不同的人工智能语言模型在向患者介绍静脉曲张的射频消融治疗方面效果如何？

How Well Do Different AI Language Models Inform Patients About Radiofrequency Ablation for Varicose Veins?

作者信息

Zyada Ayman, Fakhry Ayman, Nagib Sohiel, Seken Rahma A, Farrag Mohamed, Abouelseoud Ahmed, Alnadi Omar, Moner Mahmoud, Ghazy Ziad M

机构信息

Vascular Surgery, University Hospitals of Leicester National Health Service (NHS) Trust, Leicester, GBR.

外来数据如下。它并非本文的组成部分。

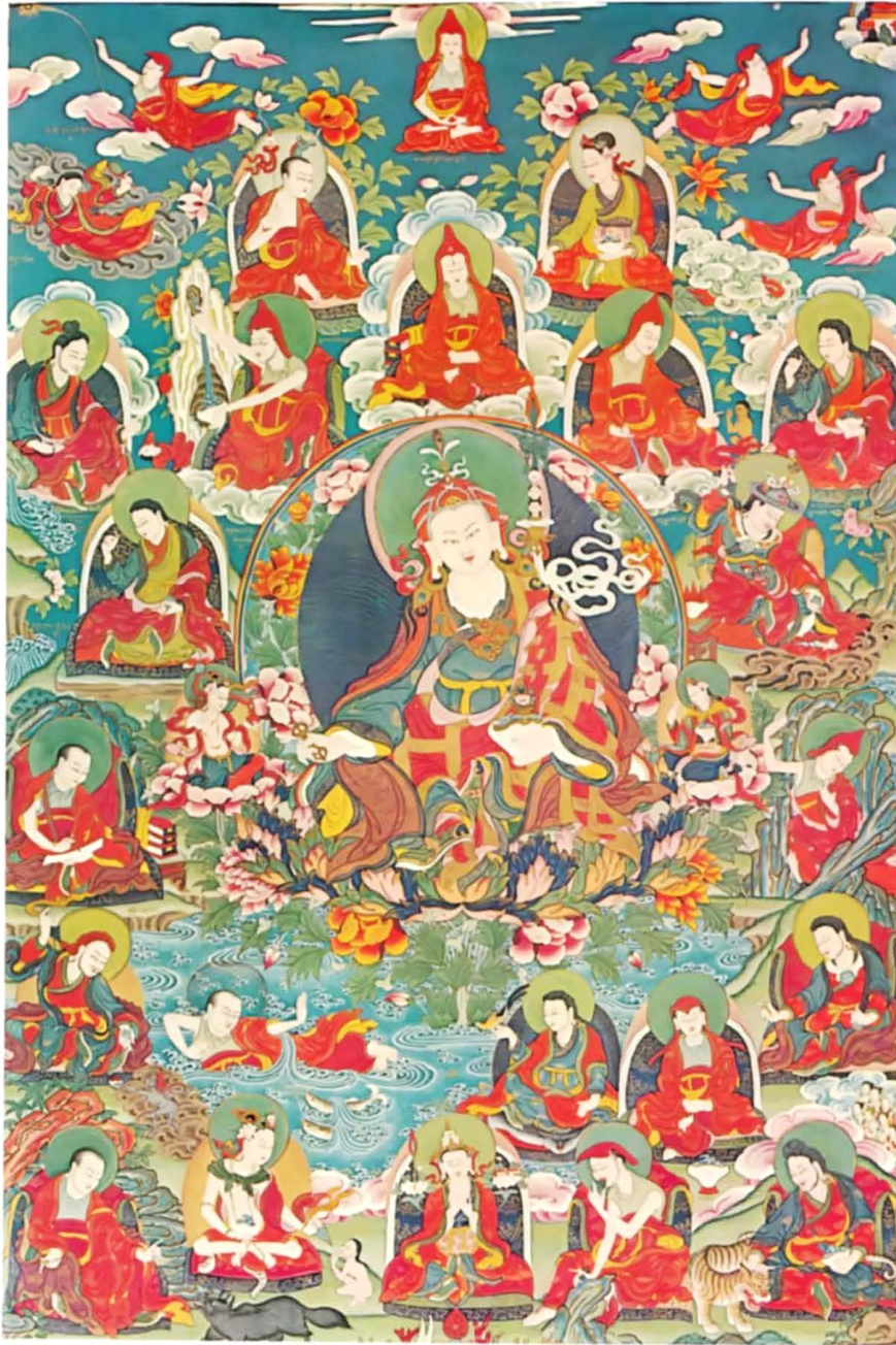
Plate 3: Guru Padmasambhava and 25 Disciples Đức Liên Hoa Sinh cùng 25 đệ tử
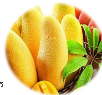
ภาพที่ 2.10 มะม่วงน้ำดอกไม้สีทอง

มะม่วงน้ำดอกไม้สีทอง มีลักษณะผลดิบสีเขียวจนลพอายุ 2-3 เดือนผิวผลเปลี่ยนเป็นสีเหลืองอ่อน ผลแก่จะสีเขียวอมเหลือง ผลสุกเหลืองทอง มีเปลือกหนากว่าน้ำดอกไม้ทั่วไป ความหนาของเปลือกวัดได้ 0.17-0.19 เซนติเมตร ขนาดผล มีน้ำหนักผลเฉลี่ยประมาณ 350 กรัม ความกว้าง 7.2 เซนติเมตร ความยาว 14.8 เซนติเมตร หนา 6.4 เซนติเมตร มีส่วนเนื้อมากถึง
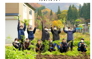
にんじん収穫ボランティア

「アクティブ・ボランティア」と称し、横手市山内三又地区の田植えと伝統野菜山内にんじんの収穫作業に取り組んでいます。また、地域のイベントや祭事行事などにもボランティアとして大勢の生徒が参加しています。他にも特別支援学校などでのボランティア活動や清掃活動などを通して、地域とのつながりを強めています。
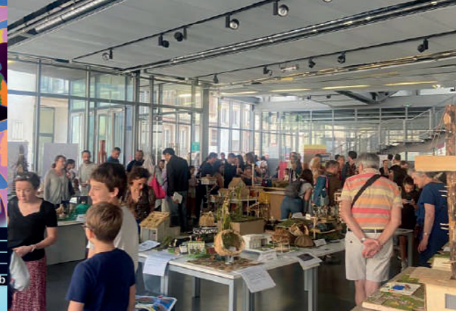
Preisverleihung des Schülerwettbewerbs OSCAR 2022/2023 in Straßburg
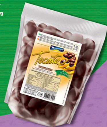
Cód: 3219 Tocata Banana Passa
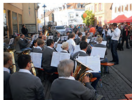
... beim Verkaufsoffenen Sonntag in Weingarten
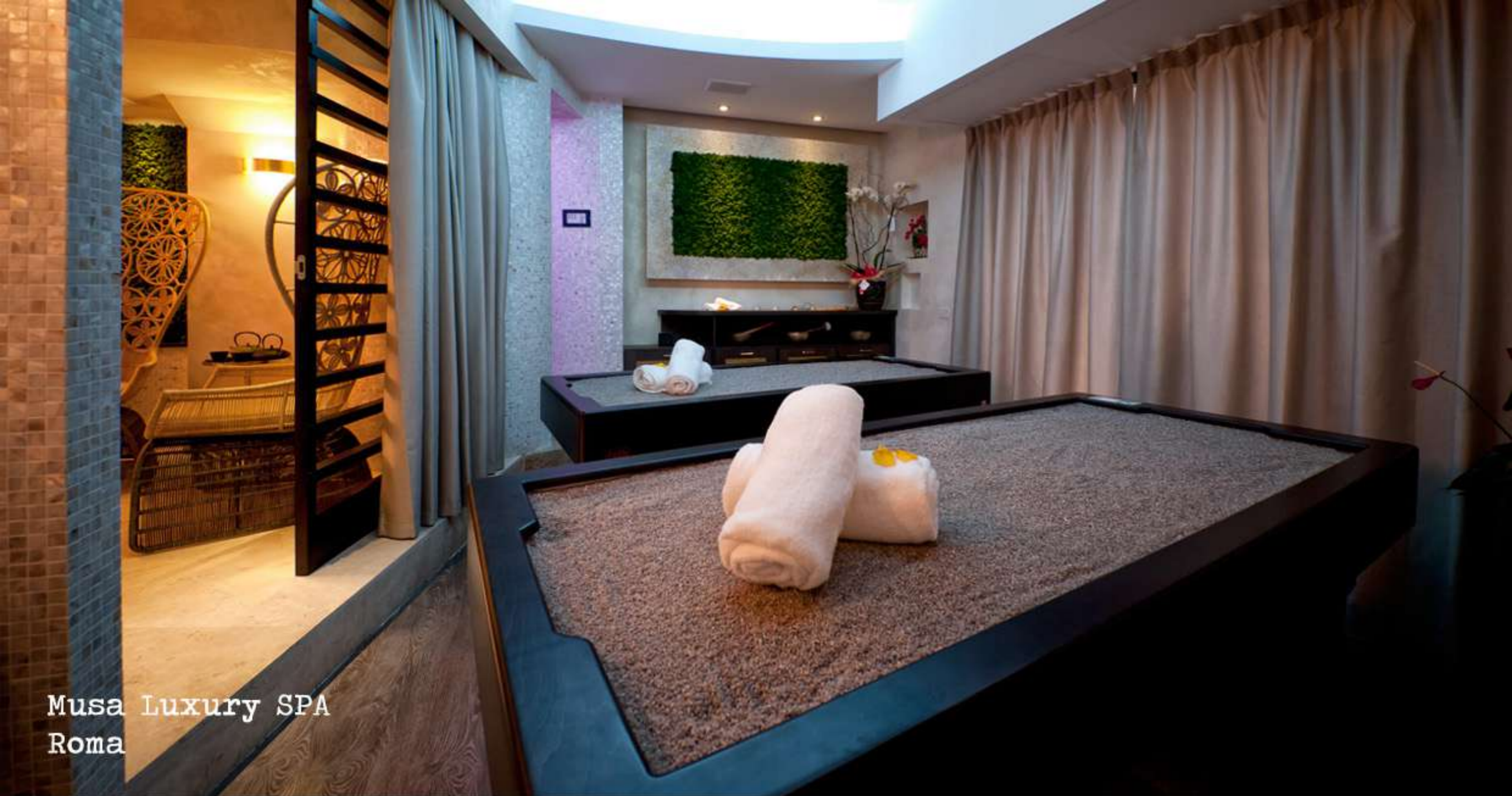
Musa Luxury SPA Roma

Vascular Surgery, Egyptian Military Medical Academy, Alexandria, EGY.

出版信息

Cureus. 2025 Jun 22;17(6):e86537. doi: 10.7759/cureus.86537. eCollection 2025 Jun.

DOI:10.7759/cureus.86537

PMID:40698235

原文链接:https://pmc.ncbi.nlm.nih.gov/articles/PMC12282550/

Abstract

Introduction The rapid integration of artificial intelligence (AI) into healthcare has led to increased public use of large language models (LLMs) to obtain medical information. However, the accuracy and clarity of AI-generated responses to patient queries remain uncertain. This study aims to evaluate and compare the quality of responses provided by five leading AI language models regarding radiofrequency ablation (RFA) for varicose veins. Objective To assess and compare the reliability, clarity, and usefulness of AI-generated answers to frequently asked patient questions about RFA for varicose veins, as evaluated by expert vascular surgeons. Methods A blinded, comparative observational study was conducted using a standardized list of eight frequently asked questions about RFA, derived from reputable vascular surgery centers across multiple countries. Five top-performing, open-access LLMs (ChatGPT-4, OpenAI, San Francisco, CA, USA; DeepSeek-R1, DeepSeek, Hangzhou, Zhejiang, China; Gemini 2.0, Google DeepMind, Mountain View, CA, USA; Grok-3, xAI, San Francisco, CA, USA; and LLaMA 3.1, Meta Platforms, Inc., Menlo Park, CA, USA) were tested. Responses from each model were independently evaluated by 32 experienced vascular surgeons using four criteria: accuracy, clarity, relevance, and depth. Statistical analyses, including Friedman and Wilcoxon signed-rank tests, were used to determine model performance. Results Grok-3 was rated as providing the highest-quality responses in 51.6% of instances, significantly outperforming all other models (p < 0.0001). ChatGPT-4 ranked second with 23.1%. Gemini, DeepSeek, and LLaMA showed comparable but lower performance. Question-specific analysis revealed that Grok-3 dominated responses related to procedural risks and post-procedure care, while ChatGPT-4 performed best in introductory questions. A subgroup analysis showed that user experience level had no significant impact on model preferences. While 42.4% of respondents were willing to recommend AI tools to patients, 45.5% remained uncertain, reflecting ongoing hesitation. Conclusion Grok-3 and ChatGPT-4 currently provide the most reliable AI-generated patient education about RFA for varicose veins. While AI holds promise in improving patient understanding and reducing physician workload, ongoing evaluation and cautious clinical integration are essential. The study establishes a baseline for future comparisons as AI technologies continue to evolve.

摘要

引言人工智能（AI）迅速融入医疗保健领域，导致公众越来越多地使用大语言模型（LLM）来获取医疗信息。然而，AI对患者问题的回答的准确性和清晰度仍不确定。本研究旨在评估和比较五个领先的AI语言模型提供的关于静脉曲张射频消融（RFA）的回答质量。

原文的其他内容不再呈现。